What to produce -
Using the records below, write out only the lines from the line containing "ALL DATA YOU" up to and including the line containing "Unsere Einrichtung verfügt", exactly, with no pictures.

Supplied records -
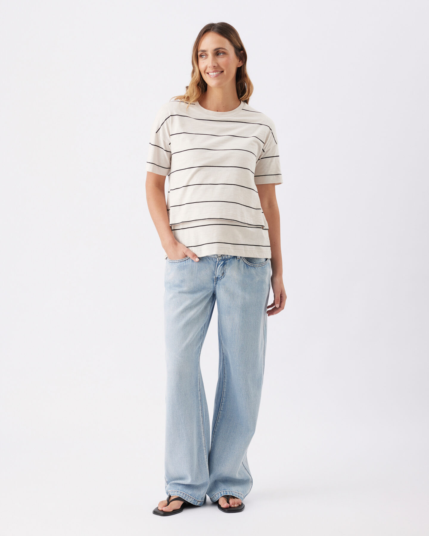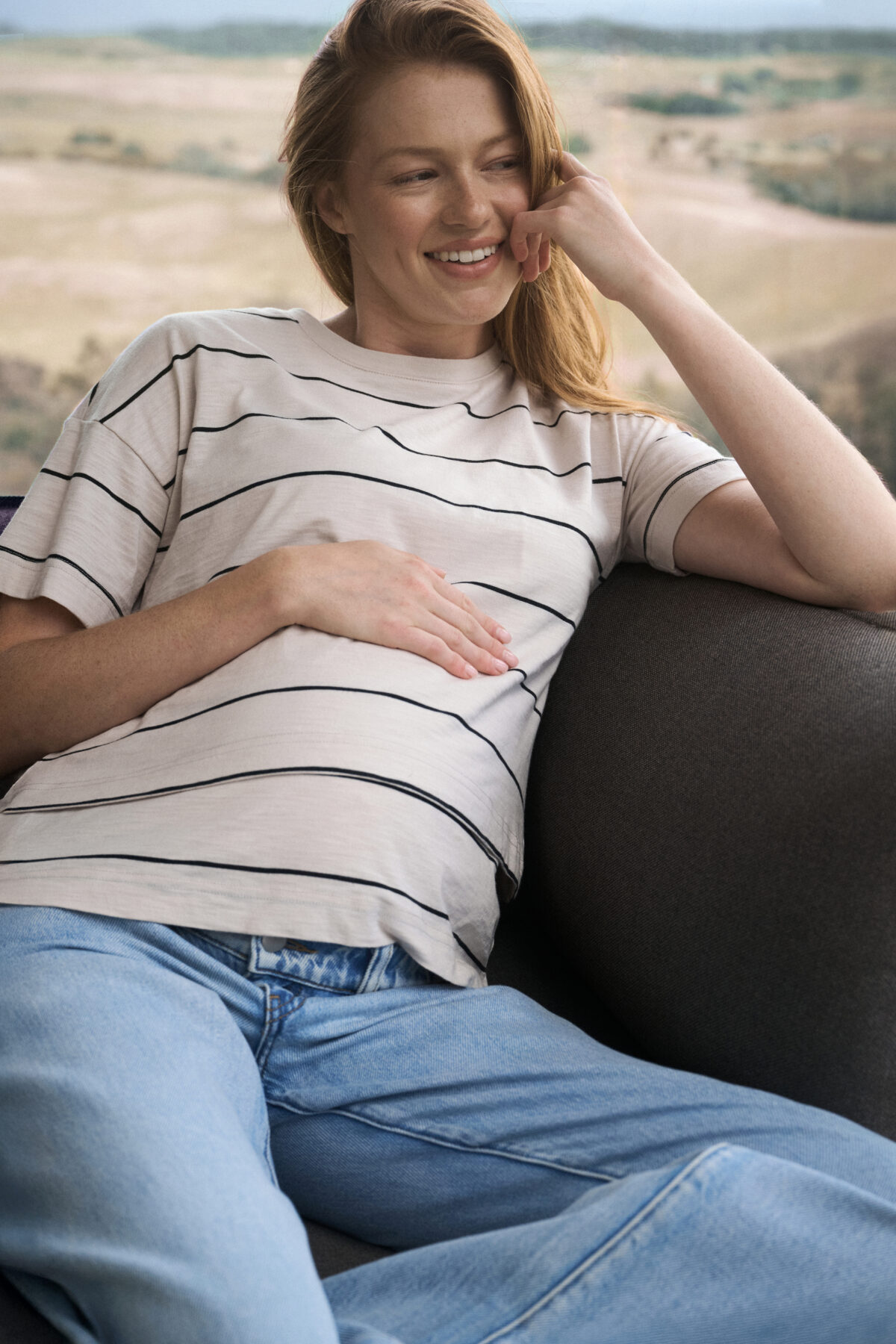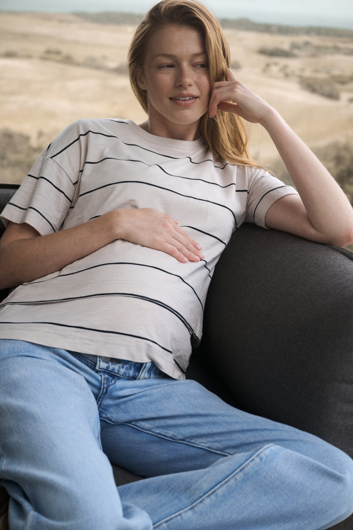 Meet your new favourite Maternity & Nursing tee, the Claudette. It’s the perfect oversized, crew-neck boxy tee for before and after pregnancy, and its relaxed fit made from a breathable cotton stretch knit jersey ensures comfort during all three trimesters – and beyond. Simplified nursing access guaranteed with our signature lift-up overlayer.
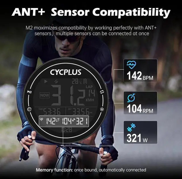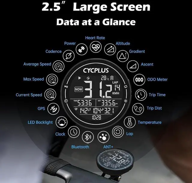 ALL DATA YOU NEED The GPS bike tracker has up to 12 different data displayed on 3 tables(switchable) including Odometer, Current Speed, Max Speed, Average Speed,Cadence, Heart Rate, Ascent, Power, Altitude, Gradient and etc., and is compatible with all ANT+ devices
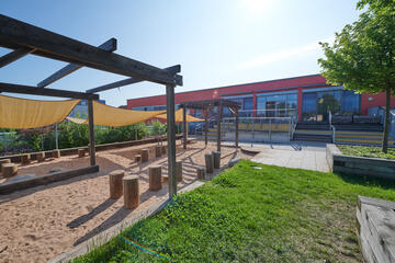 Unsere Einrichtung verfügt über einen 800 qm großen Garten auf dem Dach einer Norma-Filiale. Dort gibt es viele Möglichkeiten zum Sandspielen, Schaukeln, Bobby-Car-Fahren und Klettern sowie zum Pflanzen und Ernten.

...

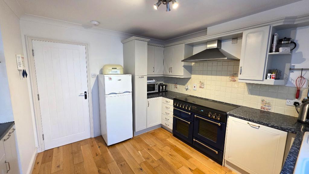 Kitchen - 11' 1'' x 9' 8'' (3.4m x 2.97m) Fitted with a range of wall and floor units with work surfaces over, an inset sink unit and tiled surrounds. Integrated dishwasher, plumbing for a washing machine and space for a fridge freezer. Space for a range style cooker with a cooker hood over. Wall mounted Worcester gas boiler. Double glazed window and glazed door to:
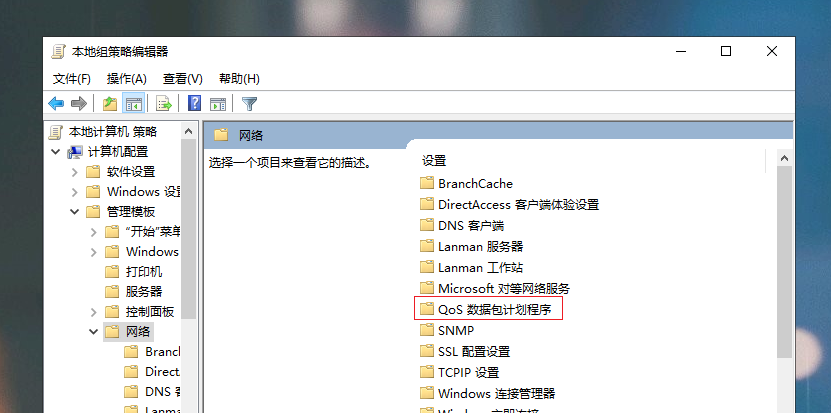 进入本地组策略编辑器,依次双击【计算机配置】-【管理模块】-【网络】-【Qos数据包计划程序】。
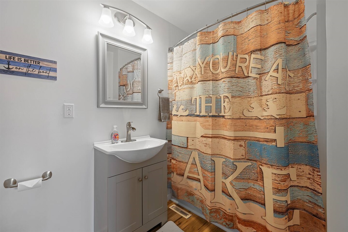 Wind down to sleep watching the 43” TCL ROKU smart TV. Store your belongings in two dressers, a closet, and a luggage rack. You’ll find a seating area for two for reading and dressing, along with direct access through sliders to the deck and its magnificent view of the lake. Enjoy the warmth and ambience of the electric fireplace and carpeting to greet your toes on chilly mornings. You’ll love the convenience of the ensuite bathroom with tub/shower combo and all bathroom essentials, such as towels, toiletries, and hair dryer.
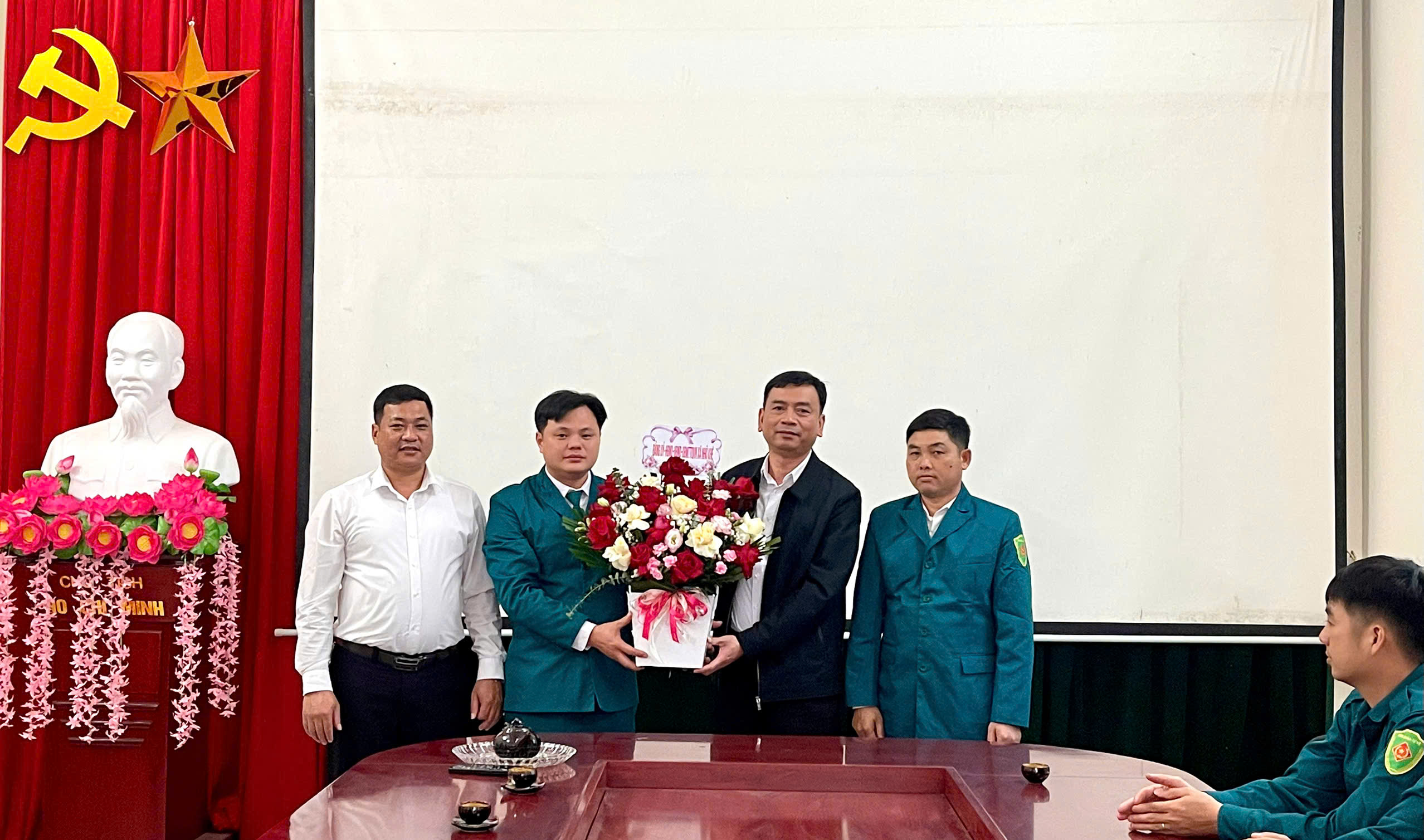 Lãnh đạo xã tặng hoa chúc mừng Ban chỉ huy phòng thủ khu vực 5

* * *

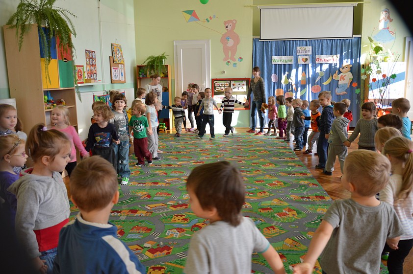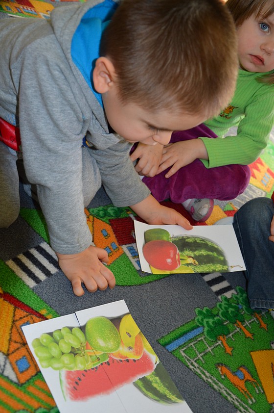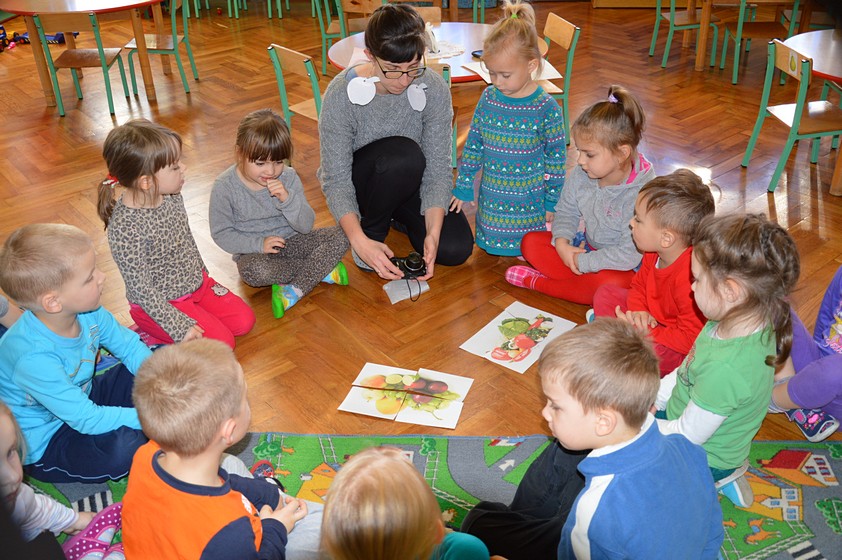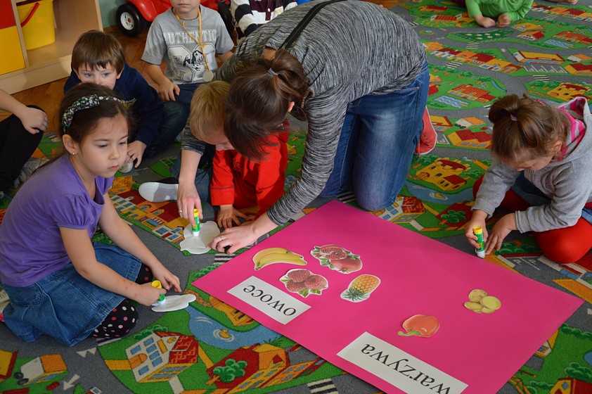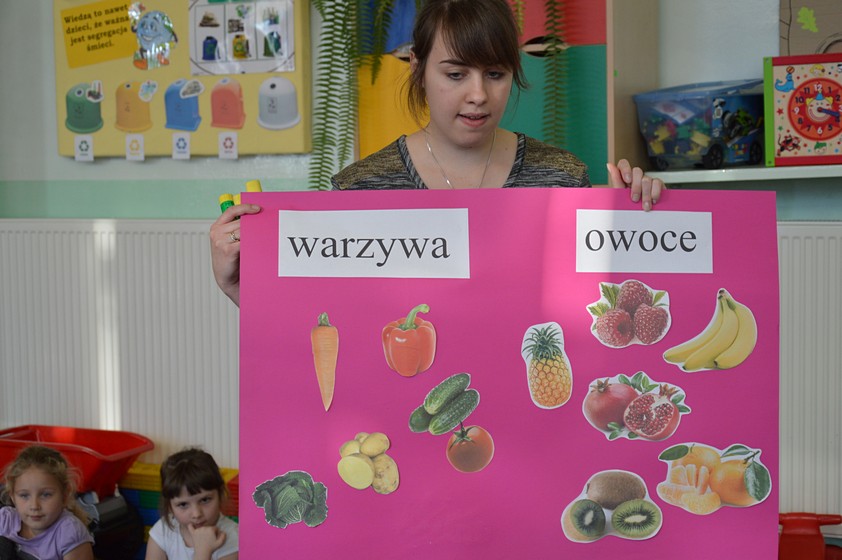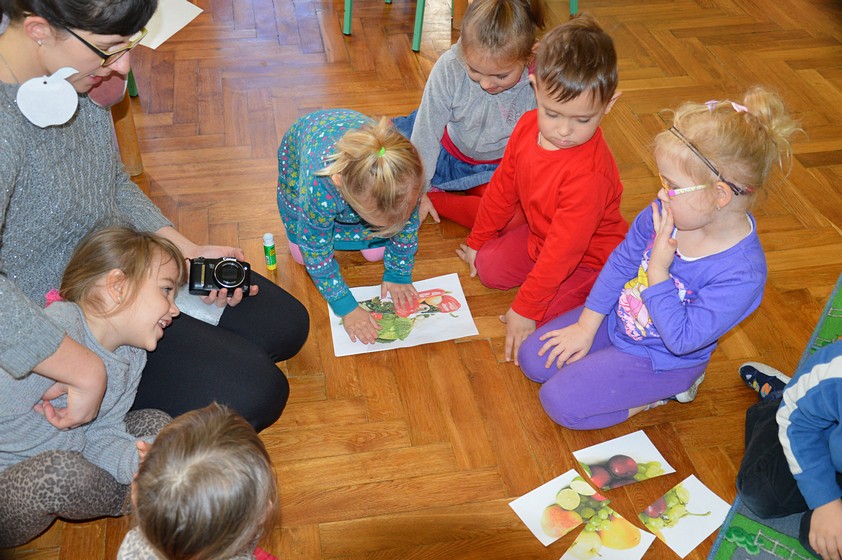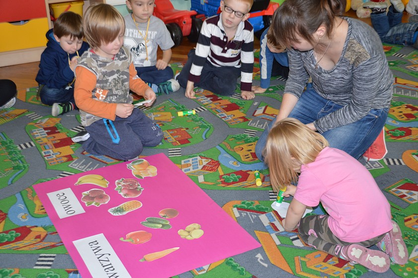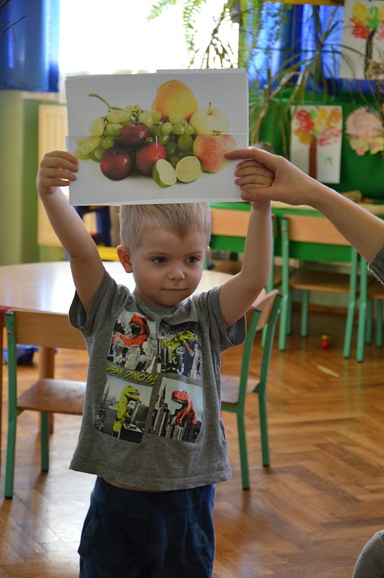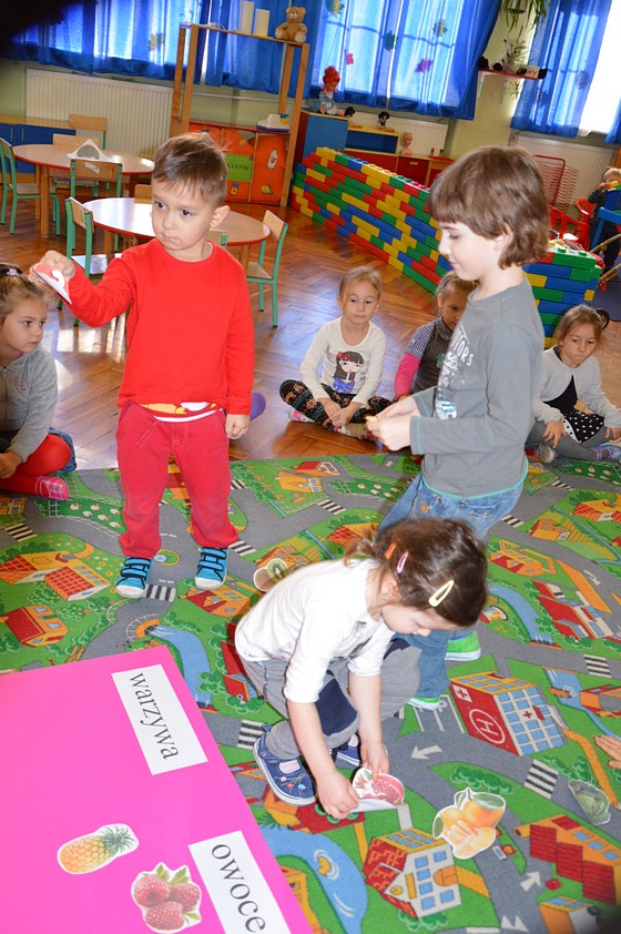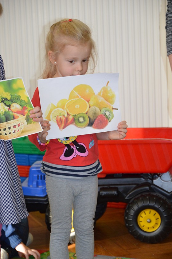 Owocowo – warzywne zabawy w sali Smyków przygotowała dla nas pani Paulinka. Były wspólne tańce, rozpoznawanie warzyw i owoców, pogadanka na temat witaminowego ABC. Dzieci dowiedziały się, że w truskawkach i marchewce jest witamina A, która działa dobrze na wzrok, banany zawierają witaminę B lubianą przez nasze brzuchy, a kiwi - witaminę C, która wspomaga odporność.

Answer area -
 ALL DATA YOU NEED The GPS bike tracker has up to 12 different data displayed on 3 tables(switchable) including Odometer, Current Speed, Max Speed, Average Speed,Cadence, Heart Rate, Ascent, Power, Altitude, Gradient and etc., and is compatible with all ANT+ devices
 Unsere Einrichtung verfügt über einen 800 qm großen Garten auf dem Dach einer Norma-Filiale. Dort gibt es viele Möglichkeiten zum Sandspielen, Schaukeln, Bobby-Car-Fahren und Klettern sowie zum Pflanzen und Ernten.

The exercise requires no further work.